Kali_89
Kali_89

Reputation: 617

Nested list comprehension in Python

I've got a list comprehension I'm trying to get my head around and I just can't seem to get what I'm after and thought I'd see if anybody else knew how!

My basic data structure is this:

structure = [[np.array([[1,2,3],[4,5,6]]), np.array([[7,8,9],[10,11,12]])], [np.array([[13,14,15],[16,17,18]]), np.array([[19,20,21],[22,23,24]])]]

So I've got an overall list containing sublists of numpy arrays and my desired output is some sort of grouping (don't care if it's a list or an array) with the following elements paired:

[1, 13]
[4, 16]
[2, 14]
[5, 17]
[3, 15]
[6, 18]

I thought I'd got it with the following style construct:

output = [structure[i][0][j] for j in range(9) for i in range(len(structure))] but alas, no joy.

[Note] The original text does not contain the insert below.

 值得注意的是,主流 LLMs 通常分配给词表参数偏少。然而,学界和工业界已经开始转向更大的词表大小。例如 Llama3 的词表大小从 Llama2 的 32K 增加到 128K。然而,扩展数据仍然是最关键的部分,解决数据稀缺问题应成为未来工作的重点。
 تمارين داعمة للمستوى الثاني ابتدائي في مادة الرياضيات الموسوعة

I don't really mind if it needs more than one stage - just want to get those elements grouped together!

(as a bit of background - I've got lists of probabilities outputted from various models and within those models I've got a training list and a validation list:

[[model_1], [model_2], ..., [model_n]]

where [model_1] is [[training_set], [validation_set], [test_set]]

and [training_set] is np.array([p_1, p_2, ..., p_n],[p_1, p_2, ..., p_n],...])

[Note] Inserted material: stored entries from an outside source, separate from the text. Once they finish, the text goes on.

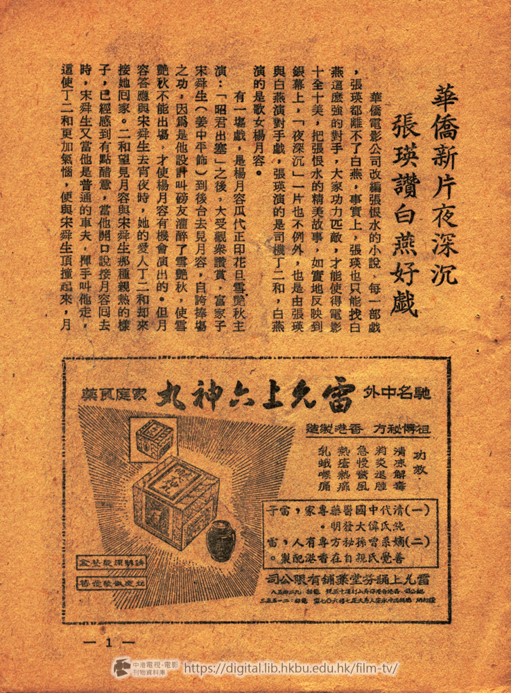 「夜深沉」,是華僑電影公司的新出品,也是根據張恨水的同名小說改編的,演員除了上述等人外,還有高魯泉,梁淑卿,司馬華龍,黃曼梨,李壽祺,李香琴,梁素琴,姜中平,黎灼灼等,陣容相當鼎盛。
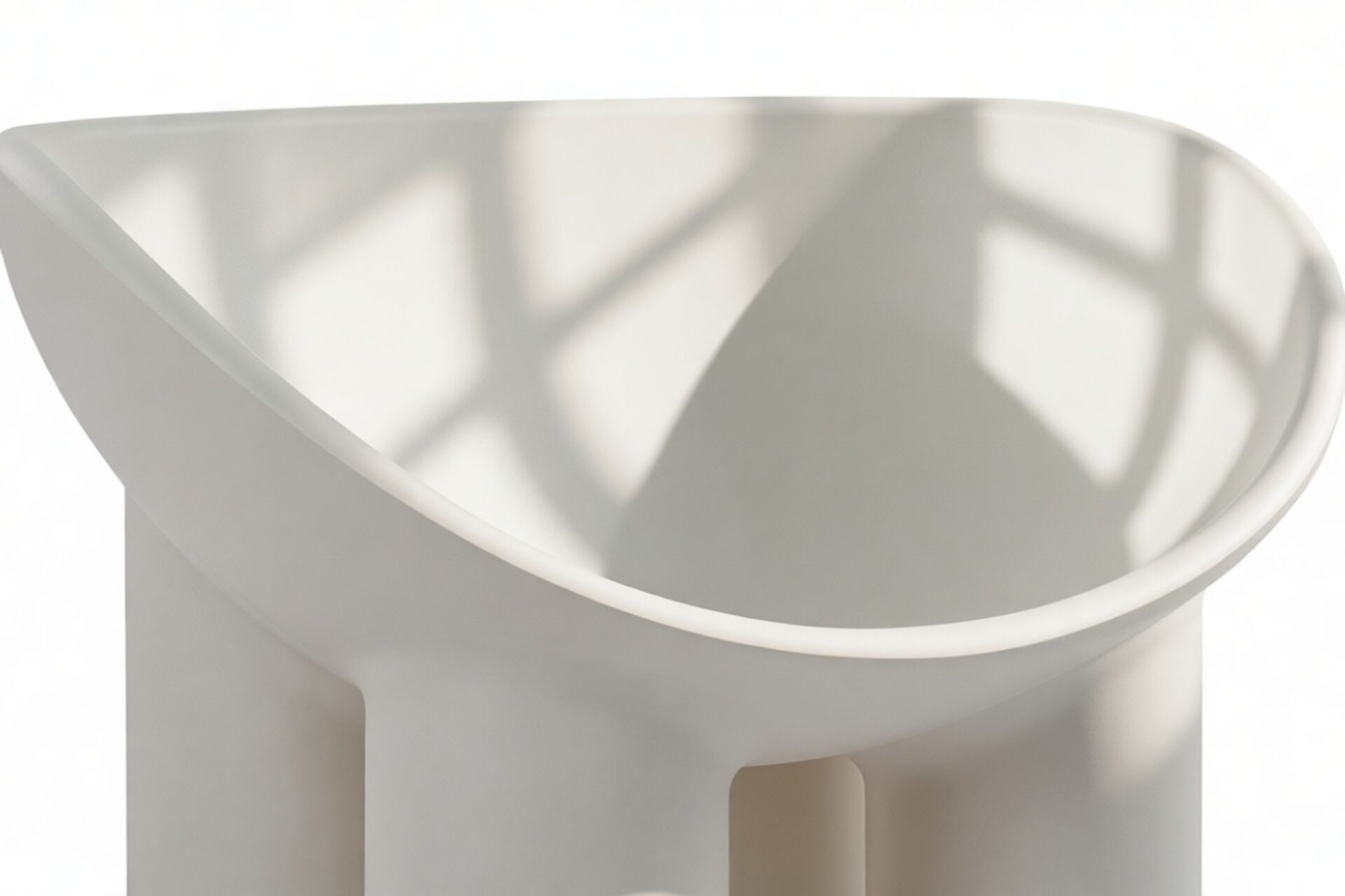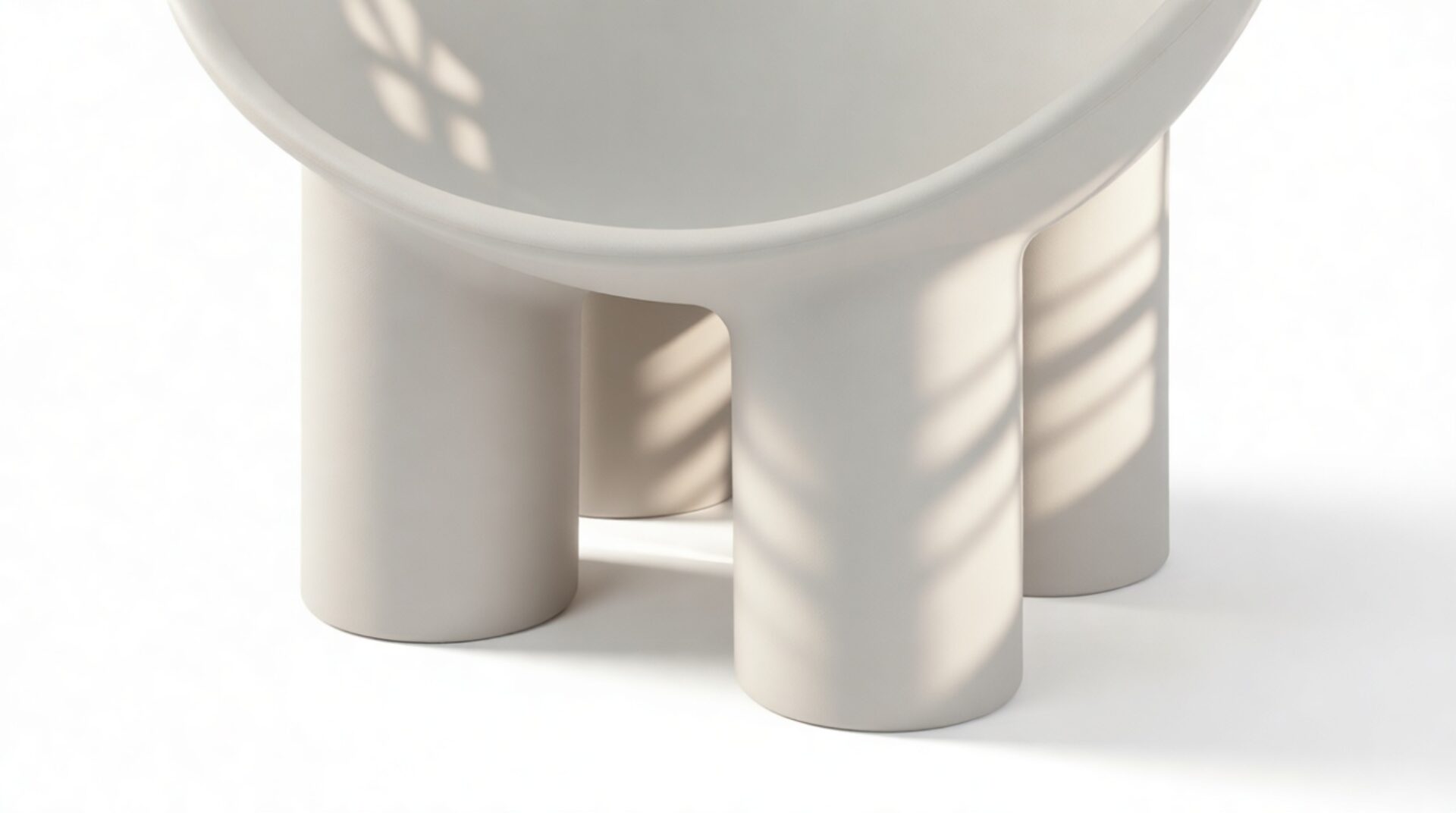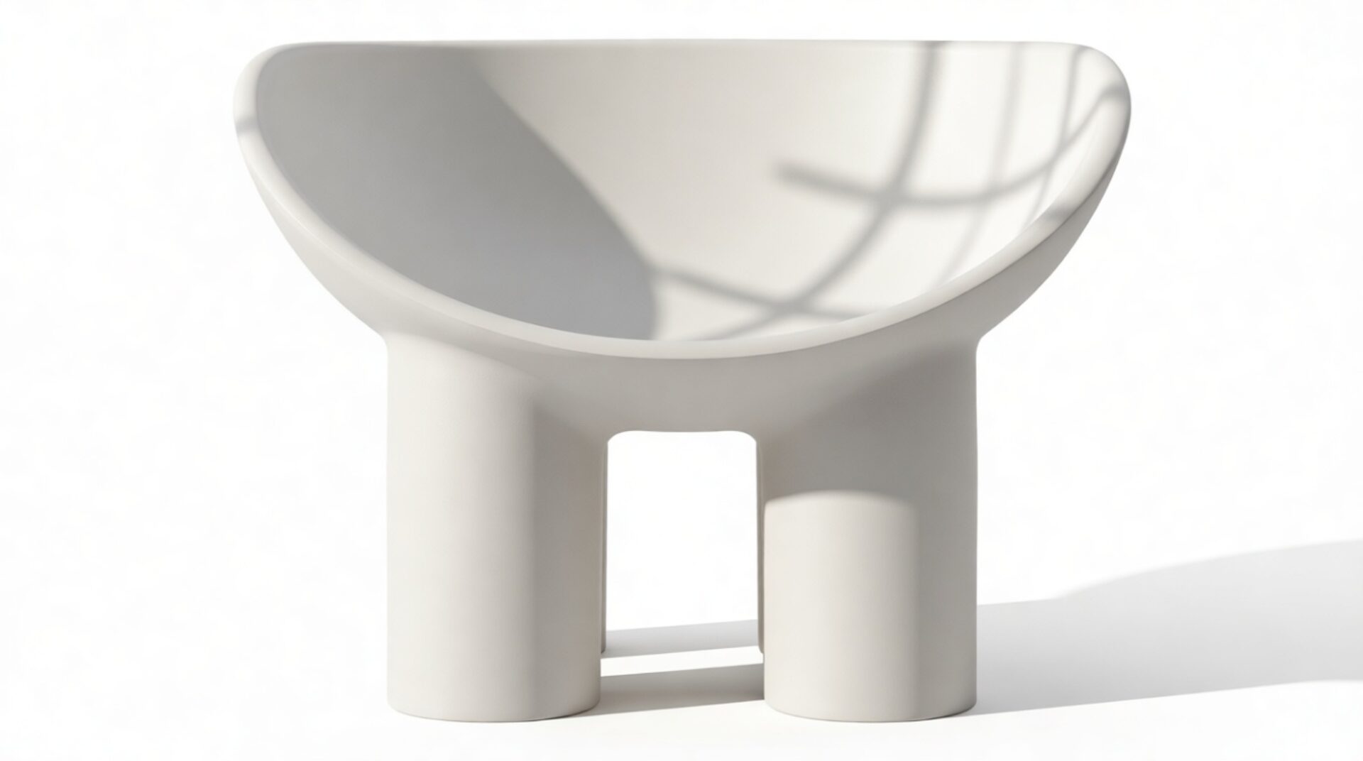 Experience modern aesthetic and comfort with the Roly Poly chair. Its sculptural form and unique rounded silhouette make it a standout piece of furniture. The deep, bowl-like seat creates a cozy cocoon effect, inviting relaxation. Sturdy legs contrast elegantly with the soft curves of the seat, blending geometric and organic shapes to define the chair's distinctive character.
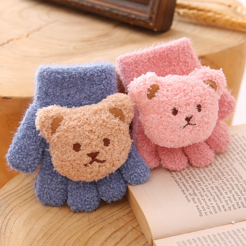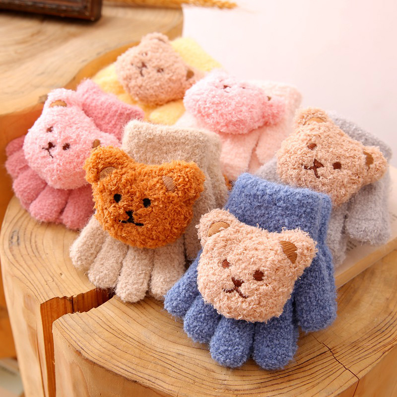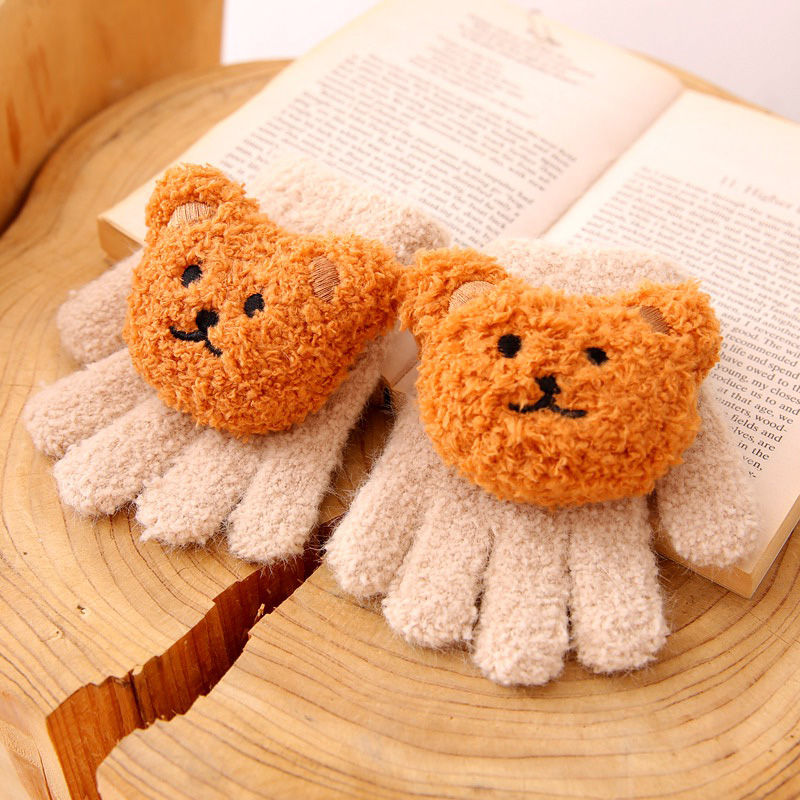 儿童宝宝五指手套秋冬季迷你可爱小熊男童女童婴幼儿小童分指保暖 - 班派迪旗舰店

I'd like to group together the prediction for item 1 for each of the models and create a training vector out of it of length equal to the number of models I've got. I'd then like to do the same but for the second row of [training_set].

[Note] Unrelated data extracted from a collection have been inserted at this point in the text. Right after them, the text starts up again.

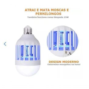 Lâmpada de led 2 em 1: ilumina com led branco 15w e possui leds uv para atrair e eliminar pequenos insetos voadores (ex: pernilongos), quando entram na câmara da lâmpada , são eliminados com pequeno choque elétrico.
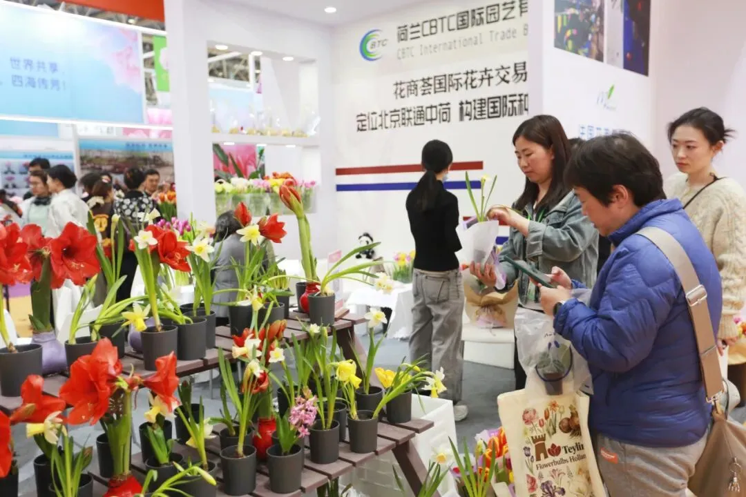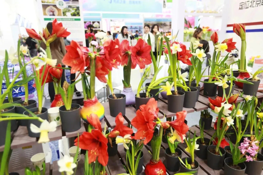 作为本届展会的重要参展力量,花乡花木集团旗下北京花商荟国际贸易有限公司携优质球根花卉新品亮相,展期持续3天。现场集中展出与荷兰深度合作的郁金香、风信子、洋水仙、蜡封朱顶红等进口精品,以及国泰、橙汁、初心、米鲁兹等十余款自主培育郁金香新品种,凭借优异品质与创新品种吸引海内外客商广泛关注。
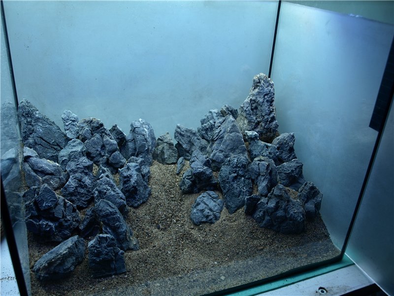 Фото 1 и 2 - это одно и тоже с разных ракурсов. По мне - это более сильная композиция. Можете ещё попробовать собрать треугольную композицию - все высокие камни на одну сторону и идём вниз. Совет: добавьте больше грунта чтобы получился уклон к заднему стеклу по сильнее, вплоть до половины высоты аквариума. Будет бомбезно.
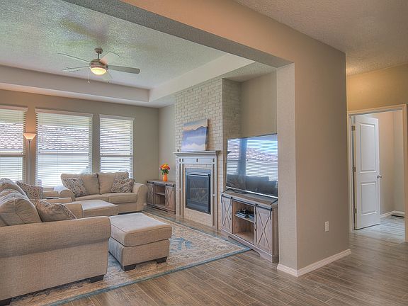 Welcome home to this beautiful single story 3 bedroom 3 car garage home located in the desirable Mariposa Community. The open floor plan has several upgrades, Ceramic wood Plank tile, granite in kitchen and bathrooms, Maple cabinetry, Freestanding gas range, and a fireplace! Frameless shower in Master bath with raised vanities and all appliances convey!!!

If that doesn't make sense let me know!

Upvotes: 4

Views: 1107

Answers (4)

hpaulj
hpaulj

Reputation: 231385

Since all the arrays (and sublists) in structure are the same size you can turn it into one higher dimensional array:

In [189]: A=np.array(structure)
Out[189]: 
array([[[[ 1,  2,  3],
         [ 4,  5,  6]],

        [[ 7,  8,  9],
         [10, 11, 12]]],


       [[[13, 14, 15],
         [16, 17, 18]],

        [[19, 20, 21],
         [22, 23, 24]]]])

In [190]: A.shape
Out[190]: (2, 2, 2, 3)

Reshaping and swapaxes can give you all kinds of combinations.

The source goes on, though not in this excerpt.